Monday, January 30, 2006

Sitting Shiva

Wendy Wasserstein died yesterday. She was 55 and her daughter, Lucy, is 6. As someone who's been there and done that, my heart goes out to that girl. Kiddo, you didn't do anything wrong, and it will be O.K. When, I can't tell you. You'll miss her next month and then you'll miss her in a completely different way when you're 12, 19, 25 and so on. Grief can take a lifetime. If I could give you a great big hug, I would. And if the company of a total stranger could make you feel a little better, then sign me up.

On a lighter note, turn that frown upside down! Wasserstein was hysterical and self-effacing and often times brilliant. Hello Pulitzer! I've lost my favorite Jew. (Judy Gold, all rests on you, baby!) To me, she was a female Woody Allen, except with a soul and a conscience. By watching and reading her plays, I got to peek into a world I never would have seen otherwise. I was a 17 year-old shiksa before I was introduced to Wendy Wasserstein. Hers was the first "Jewish humor" I ever understood. I could actually identify with her characters. I might have felt a connection to her material because it was obviously written for chicks by a chick, not any of that Aurthur Miller crap. But having had the time to think about it, I think I loved her characters because the were such human women, always candid with fabulous, sharp wit to match the honesty. They has neurosis and bad hair days, shrinks and over-bearing mothers. And they talked about it! In my family, if your uterus fell out during Easter dinner, you shut up about it and prayed that it didn't stain the linen table cloth. In her seat at the Tony's, which I never missed, Wasserstein always looked like a normal lady, and I loved it. "Theater people" are sometimes intimidating and ridiculous. Oh, the Tommy Tune nightmares of my youth! But not her.

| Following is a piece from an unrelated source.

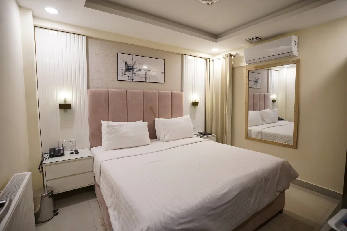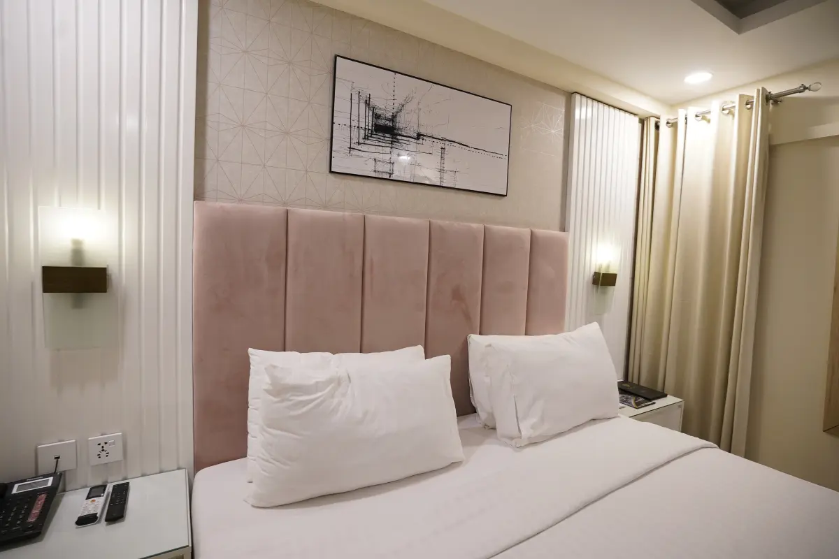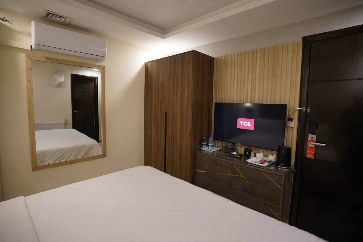 Our standard rooms for rent in Murree are equipped with a king-size bed, providing a cozy night's sleep. Its hybrid mattress is enough for two people or adults to stay comfortably. The standard room has no space for an extra mattres.

Any woman who could write so well that thousands of theater go-ers bought Glen Close and Joan Allen as Jewish, could probably 'Jewishize' Kristin Chenoweth. Or my Grandma Ennis. If you knew Grandma Ennis, bless her soul, that would be really, really funny. In heaven, she's busting a gut. Look her up when you get there, Ms. Wasserstein. She, too, is a hoot and a real normal lady.